Sukuk issues in East Asia underscore strong global demand for Islamic assets

A series of new sukuk issues in East Asia aims to capitalise on the strong global demand for Islamic assets, as the region vies with rival global finance centres.

Hong Kong on Monday issued its second sovereign sukuk. The AAA-rated sukuk has a par value of US$1 billion and a tenor of five years.
Two-thirds of its value are underpinned by sale-and-repurchase transactions on commodities markets, while the remaining third of the value is underpinned by government property.
The National Bank of Abu Dhabi was one of the main underwriters.
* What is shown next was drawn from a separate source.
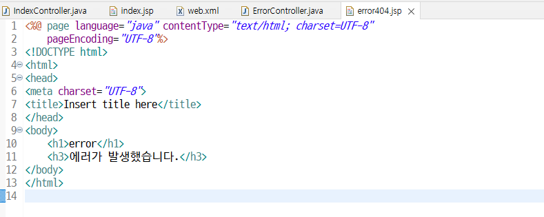 이제 404에러를 위한 페이지인 error404 페이지(error404.jsp파일)를 만들어보자

The sukuk was extensively marketed to Middle East investors, according to Zawya, a business news and research website. There was a road show to Saudi Arabia, the UAE helped to increase the number of subscribers in the region, and 42 per cent of the sukuk was allocated to investors in the Middle East.
Indonesia offered two new sukuk issues last month – its $2bn sovereign sukuk was more than three times oversubscribed, and the national airline Garuda Indonesia issued a $500 million sukuk.
International analysts have repeatedly pointed to the need for sovereign sukuk issues to help develop markets in Islamic assets. Investors, bankers and analysts say the lack of highly-rated, liquid and high-value sukuk issues hinders the industry’s development.
The Asian Infrastructure Investment Bank (AIIB) said last month that it was in talks with the Islamic Development Bank about using sukuk to help fund regional infrastructure.
The UAE is a founding member of the AIIB, a new China-led institution touted as a competitor to the IMF.
A recent G20 summit in Turkey ended with world leaders calling for the greater use of sukuk in infrastructure investment.
Over the next 25 years, Asia will need between $400bn and $700bn in new infrastructure investment, according to the Asian Development Bank.
Malaysia remains the world’s largest sukuk market, with $40bn of sukuk issued last year, according to credit ratings agency Moody’s.
But rapid rates of economic growth mean that there is plenty of room for Dubai, London and Hong Kong to compete with Kuala Lumpur.
Professional services consultancy Ernst and Young predicts that global demand for sukuk will triple between now and 2017. It expects that about $900bn in Islamic assets would be traded in 2017, up from $300bn this year.